Each performer was instructed to stand behind the table with a blank expression while he poured paint on them first, then poured the paint over himself, and then they all struck poses from the painting. Zohore choreographed the performance to Mozart’s “Lacrimosa,” an unfinished part of his last Requiem Mass in D Minor, K. 626, a reference to the memento mori that follows a work of art made just before the subject’s (or composer’s) death. Zohore reimagined this as a reminder to celebrate the lives of these artists working in Baltimore, presenting living bodies in front of an institution that says it wants to support them. 

“Everyone was gifted the shirt that they were wearing,” he says, “commemorating and unifying us into this expression.” Zohore says that he has always been interested in small-scale merchandise culture, such as a commemorative T-shirt from a Bar Mitzvah, and he says that Warhol was a master of selecting middle-class signifiers of consumer culture and transforming them into banal, funny, and poignant metaphors.
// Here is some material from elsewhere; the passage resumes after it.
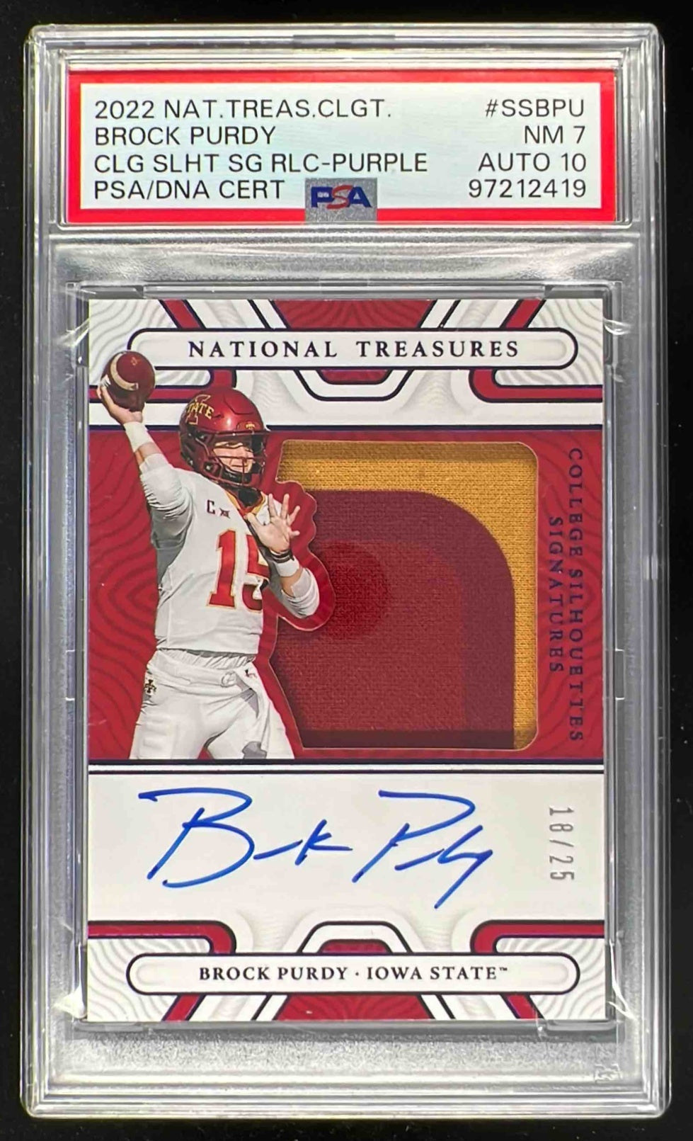 2022 National Treasures Collegiate Purple Brock Purdy RC Auto /25 PSA 7
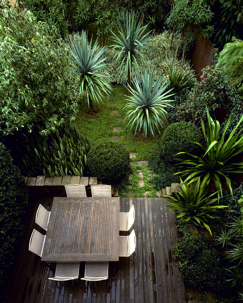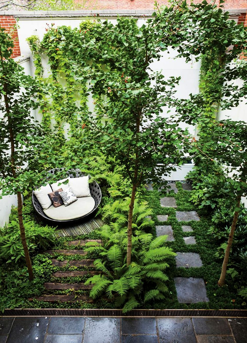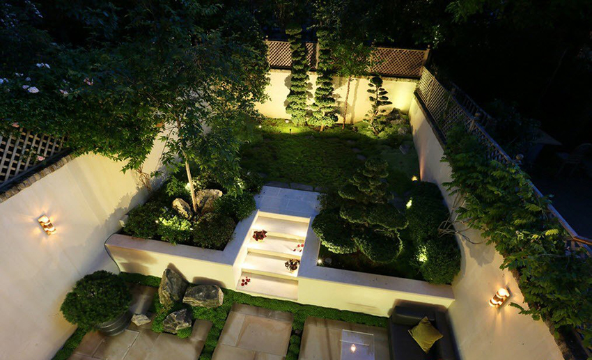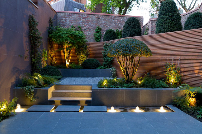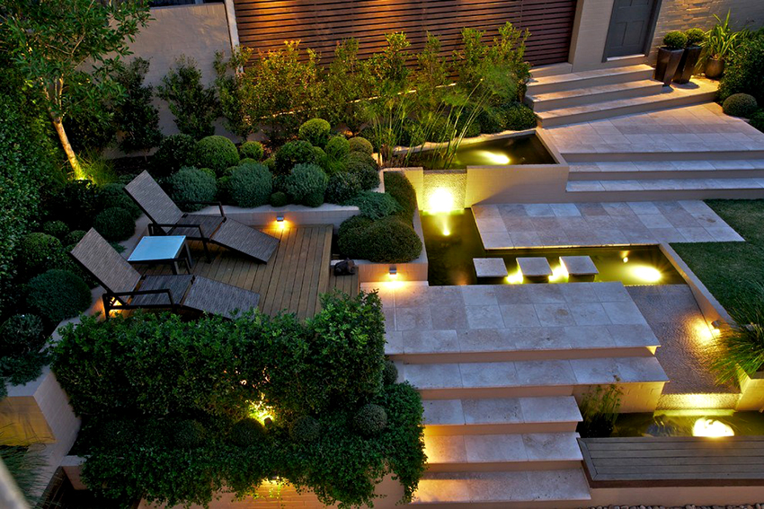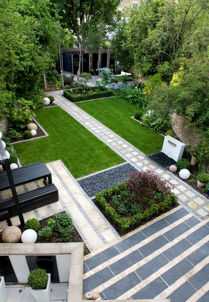 Separate stykker hjælper med at henlede opmærksomheden på de mest interessante og vigtige designelementer. Under et stort træ kan du placere en bænk, en ubeskrivelig grøn græsplæne fortyndes med en lys rosenbuske, og enebærkratt vil skabe en restriktiv grænse.

He believes that Warhol doubled the image in “The Last Supper” in order to make the scene both queer and humorous, and says he wanted to match that energy in his performance.

 

I am hoping that the museum takes a bigger interest in experimental work and objects that fit outside of a traditional commercial art market.
Monsieur Zohore

“We broke bread together in front of the BMA’s front steps, and this was a humbling experience for me,” he says, admitting that it reminded him of his first performance at the BMA, part of the collaborative WDLY and Wickerham & Lomax Art After Hours Takeover event in October 2019. “That performance validated me as a member of the Baltimore community and I wanted to repay the artists who supported me, to represent a different work with the same group of people, and it was a true privilege.” 

“How many more prizes do these artists need to win before the museum properly values them?” Zohore asks, specifically about Wickerham & Lomax, a Baltimore-based collaborative who won the Sondheim Prize in 2015 after the annual Artscape exhibition at the BMA and won the Trawick Prize in 2020. “They were invited to throw a party at the museum, to invite friends and perform, but the institution has not attempted to collect their work. These artists are just one example of those who have gone the extra mile, participated in national and international exhibitions off the strength of their own networks, but without the  institutional validation from the Baltimore museum.”

Zohore believes that all museums can play a greater role by engaging seriously with the contemporary art community in which they are situated. In addition, he says that the museum’s collection has been built over time, slowly and purposefully, so he would like to see them continue to add works by diverse, globally known artists, but to balance out these acquisitions with artists based locally. It is the museum’s collection that will stand the test of time, as directors, curators, exhibits, and initiatives come and go. And it’s essential that the Baltimore museum reflects the art being made here and now and that its collection reflects this for generations to come.

“Warhol’s “The Last Supper” belongs to the citizens of Baltimore City,” says Zohore. “It belongs to the artists of Baltimore. For me, it would be ideal to have my work seen in the context of that Warhol, rather than sacrificing it. Why isn’t my work good enough to validate? Why does it have to be sacrificed by this monumental work?”

Zohore is looking forward to an upcoming two-person exhibit at Baltimore’s Springsteen gallery in January 2021. He is currently living in Potomac, MD, and working independently. His plan is to move into a studio in Baltimore this winter, and he adds, “I would be happy to stay in Baltimore, but I am looking for an economic framework to support my practice.”